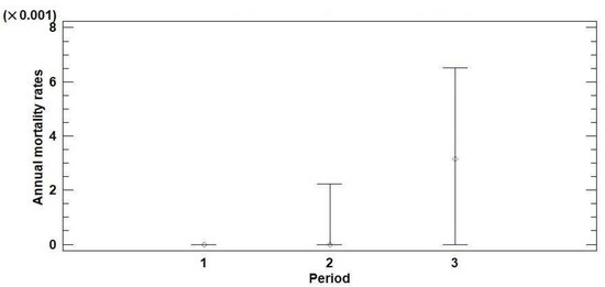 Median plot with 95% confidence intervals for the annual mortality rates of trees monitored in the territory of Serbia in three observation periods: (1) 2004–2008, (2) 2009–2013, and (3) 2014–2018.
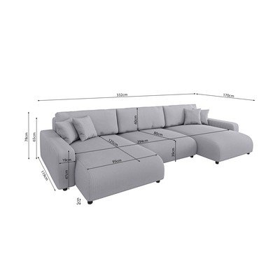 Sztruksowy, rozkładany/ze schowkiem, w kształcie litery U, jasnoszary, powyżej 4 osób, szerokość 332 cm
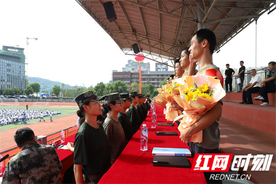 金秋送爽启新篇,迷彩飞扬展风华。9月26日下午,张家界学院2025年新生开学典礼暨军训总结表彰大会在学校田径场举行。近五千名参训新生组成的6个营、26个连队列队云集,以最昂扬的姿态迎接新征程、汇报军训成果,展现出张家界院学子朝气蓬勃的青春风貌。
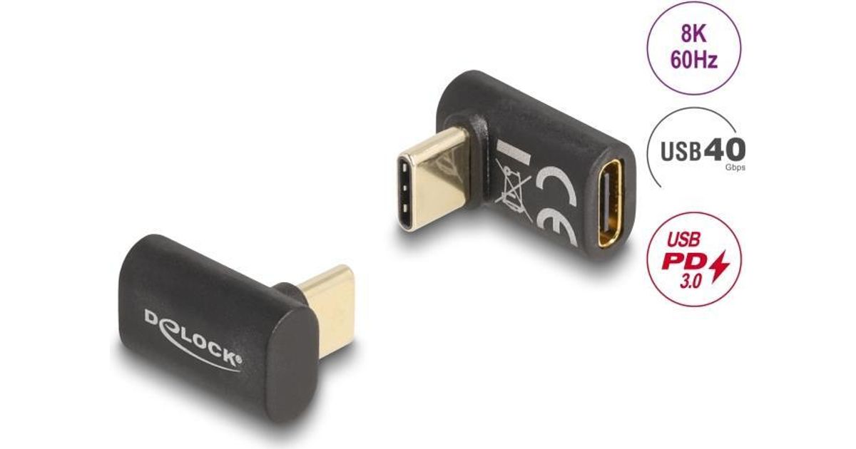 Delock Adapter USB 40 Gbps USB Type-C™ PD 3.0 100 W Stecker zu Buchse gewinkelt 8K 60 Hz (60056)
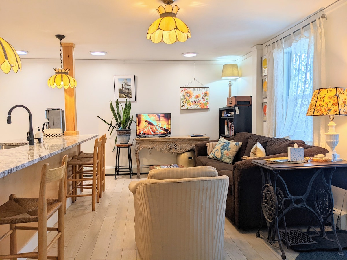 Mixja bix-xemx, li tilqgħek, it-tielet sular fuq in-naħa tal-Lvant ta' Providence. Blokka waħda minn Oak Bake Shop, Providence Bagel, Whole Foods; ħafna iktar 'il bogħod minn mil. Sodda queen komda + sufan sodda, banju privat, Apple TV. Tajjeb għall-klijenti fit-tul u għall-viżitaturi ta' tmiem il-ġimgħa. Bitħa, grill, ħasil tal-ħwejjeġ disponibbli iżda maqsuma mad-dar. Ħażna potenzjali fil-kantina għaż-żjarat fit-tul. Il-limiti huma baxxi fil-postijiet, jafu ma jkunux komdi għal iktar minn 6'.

====

Problem to work on:
Each word of the data should be repeated exactly, and the pictures left out.

Problem solution:
 Median plot with 95% confidence intervals for the annual mortality rates of trees monitored in the territory of Serbia in three observation periods: (1) 2004–2008, (2) 2009–2013, and (3) 2014–2018.
 Sztruksowy, rozkładany/ze schowkiem, w kształcie litery U, jasnoszary, powyżej 4 osób, szerokość 332 cm
 金秋送爽启新篇,迷彩飞扬展风华。9月26日下午,张家界学院2025年新生开学典礼暨军训总结表彰大会在学校田径场举行。近五千名参训新生组成的6个营、26个连队列队云集,以最昂扬的姿态迎接新征程、汇报军训成果,展现出张家界院学子朝气蓬勃的青春风貌。
 Delock Adapter USB 40 Gbps USB Type-C™ PD 3.0 100 W Stecker zu Buchse gewinkelt 8K 60 Hz (60056)
 Mixja bix-xemx, li tilqgħek, it-tielet sular fuq in-naħa tal-Lvant ta' Providence. Blokka waħda minn Oak Bake Shop, Providence Bagel, Whole Foods; ħafna iktar 'il bogħod minn mil. Sodda queen komda + sufan sodda, banju privat, Apple TV. Tajjeb għall-klijenti fit-tul u għall-viżitaturi ta' tmiem il-ġimgħa. Bitħa, grill, ħasil tal-ħwejjeġ disponibbli iżda maqsuma mad-dar. Ħażna potenzjali fil-kantina għaż-żjarat fit-tul. Il-limiti huma baxxi fil-postijiet, jafu ma jkunux komdi għal iktar minn 6'.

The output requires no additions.